Even without the embargo, American businesses in
Cuba
would be confronted with a web of red tape, a maddeningly inefficient
bureaucracy and a government that's seriously strapped for cash.
"Businesses being allowed to operate without restriction doesn't mean
Cuba would have the capacity to purchase more than it purchases
now," said John Kavulich, president of the U.S.-
Cuba Trade and
Economic Council, which monitors
Cuba's economy.
According to a study by Texas A&M University, the U.S. economy is
losing up to $
1.24 billion per year just in potential
agricultural exports to
Cuba. Georgia alone is losing up to
$
28.7 million, which would translate into about 863 jobs for
Georgians, the study says.
But some observers point out that
Cuba currently buys no more than $
900 million
a year of corn, rice, flour, wheat and other farm products from foreign
suppliers, mostly in Europe and Asia.
"In order to increase its level of
imports,
Cuba has to increase its ability to raise foreign
exchange, and that's not going to happen until the government makes some
structural changes to its economy," Kavulich said.
Limited
exports begin
No matter what the hurdles, American businesses start to
salivate whenever anyone mentions the possibilities of more trade with a nation
just 90 miles from Florida.
Business leaders have expressed delight over
recent signs that pro-embargo forces are starting to weaken. And they're buoyed
by former President Jimmy Carter's visit to the island beginning today, which
they hope shines a light on the policy's shortcomings.
The United States
enacted an embargo following the aborted 1961 Bay of Pigs invasion, but support
has dwindled as most of the world's other Communist countries have become
democracies.
In November, the U.S. government allowed the first food
exports to
Cuba in 40 years, after President Fidel Castro
announced his desire to buy food and medicine following the destruction caused
by Hurricane Michelle.
The exports were permitted under a law signed by
President Clinton in 2000 that allows the humanitarian sale of food and medicine
to
Cuba, although it forbids U.S. interests to provide
financing for such transactions.
So far this year, Cuban interests have
bought $
73 million in U.S. agricultural products, including
3,000 tons of chicken parts from Atlanta-based Gold Kist Inc.
The Cubans
also have signed deals with Perdue Farms, Tyson Foods and others, transactions
that make the American Farm Bureau Federation ecstatic.
"We care very
much about the Cuban market and feel we could be more than competitive with
other suppliers due to our proximity," said Don Lipton, a bureau spokesman.

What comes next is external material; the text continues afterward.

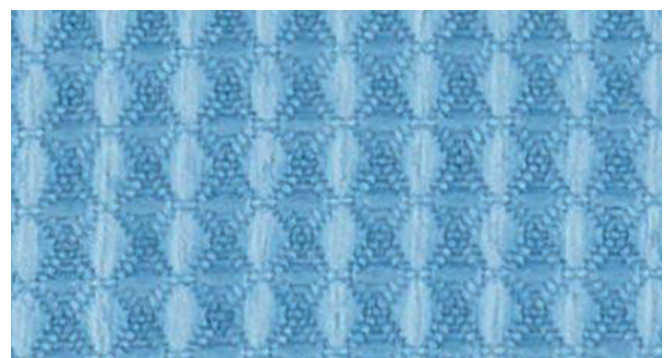
Abbildung 2: Mikrofasertuch vergrößert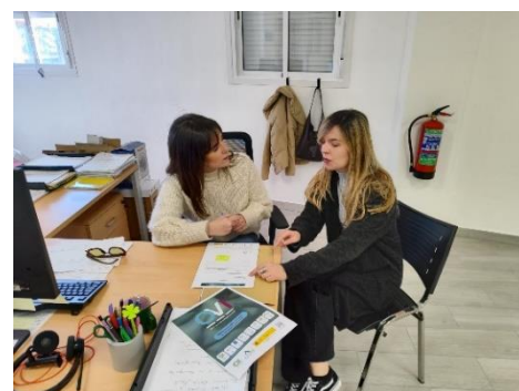
FEGADI COCEMFE refuerza alianzas con agentes sociales para impulsar la inclusión a través de ERACIS+ y la OVI – Fegadi

Bets are on infrastructure
Groups working to lift the
U.S. embargo say agricultural companies are the obvious beneficiaries of an end
to the embargo, but that energy, construction and telecommunications businesses
also would benefit.
"Nothing has been invested in infrastructure --- not
homes, roads, machinery for sugar crops --- for 40 years," said Sally Cowal,
president of the
Cuba Policy Foundation in Washington, a group
fighting to end the embargo. "The country needs everything."
Damian
Fernandez, a
Cuba scholar at Florida International University
in Miami, agreed that
Cuba needs substantial investment, but
cautioned that the market does have its limits.
"It's not China's
market, but it is an economy that with the exception of sugar, nickel, and
tobacco, basically needs everything, from consumer goods to infrastructure," he
said. "If I had to put my money somewhere, I'd put it on construction.
Cuba needs roads, the modernization of ports and the
infrastructure for agriculture. This is where there will be real opportunity."
When it comes to ports, consumer products from the United States to
Cuba probably would be shipped through Florida gateways,
although ports all across the South to Texas have eyed opportunities related to
Cuba. Tourism also holds potential. Although travel to
Cuba is restricted by a license system operated by the U.S.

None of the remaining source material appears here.